Buying an electric guitar, part 2 – New or used?

What are the advantages of buying a new guitar vis-à-vis a pre-owned instrument?

ESP Eclipse II Distressed – toggle switch

• Buying a guitar in a reputable shop has the following advantages:

++ Your new guitar will be just that – brand-new and untarnished (unless you go for a relic’ed axe).

++ The shop assistant can help you finding the right guitar for your playing style.

++ Many shops also offer to set up your new guitar to your own specifications.

++ Should there be any problem due to faulty workmanship, you’re covered by a warranty.

• Why can it make sense to buy a used guitar?

++ In many cases, you will be able to afford a slightly more expensive instrument. Depending on the age and condition of the guitar, a used guitar usually goes for about 60-80 % of its price when new.

Please note: This kind of price reduction tends not to apply to collectable (vintage) guitars, as well as many special run and/or custom shop instruments from sought-after brands. The value of some of these instruments may even rise considerably with the passing of time.

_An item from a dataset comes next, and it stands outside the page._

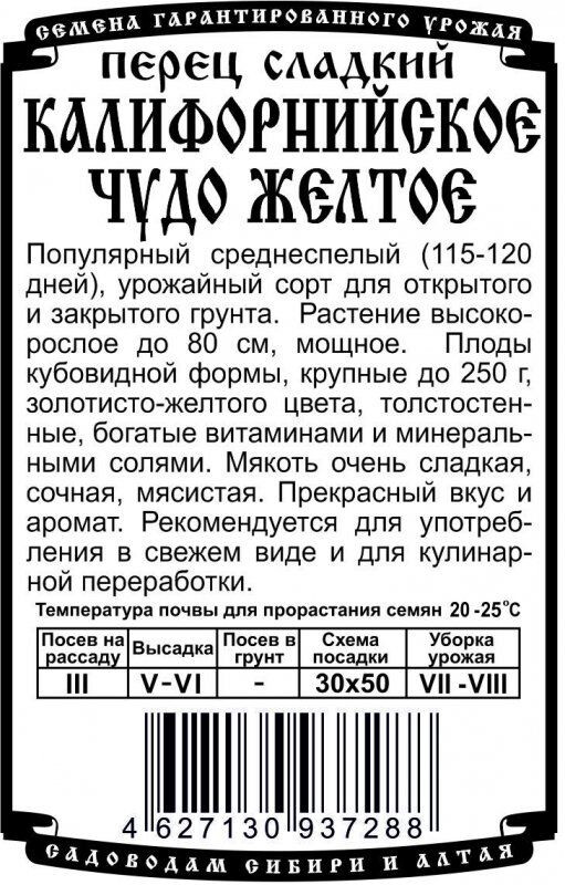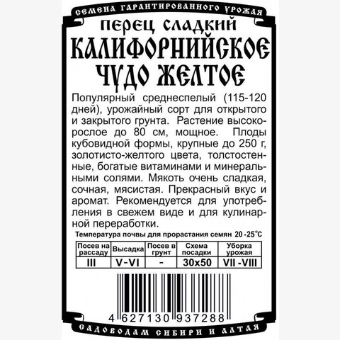 Популярный среднеспелый (115-120 дней), урожайный сорт для открытого и закрытого грунта. Растение высокорослое до 80 см, мощное. Плоды кубовидной формы, крупные до 250 г, золотисто-желтого цвета, толстостенные, богатые витаминами и минеральными солями. Мякоть очень сладкая, сочная, мясистая. Прекрасный вкус и аромат. Рекомендуется для употребления в свежем виде и для кулинарной переработки.

++ A pre-owned guitar is also pre-aged, so the possibility of nasty surprises due to wood shrinkage/expansion is also considerably lower. If a three- or five-year old guitar’s neck is still straight and its fingerboard hasn’t shrunk, chances are that things will remain stable in the future, too.

Shopping for a used instrument does require some experience from the buyer, though, because he/she will have to be able to correctly gauge the condition and market value of the instrument on offer. If you feel unsure take a more experienced guitarist along with you.

Hagström Pat Smear – body beauty 1

• If you want to buy a used guitar via the internet, you should make sure to apply the same amount of care, as with other shopping on the net. Don’t hand over any credit card details to a private seller, and direct payment in advance is also generally a no-no. The safest way to do business is by using well-known platforms, such as Ebay or Reverb.com, which provide for relatively secure payment options, such as Pay Pal.

Remember there are also pirate copies of popular guitar models sold on the internet. Again, if you feel unsure, as a friend for additional advice. And remember the old adage: ”If it’s too good to be true, it probably is!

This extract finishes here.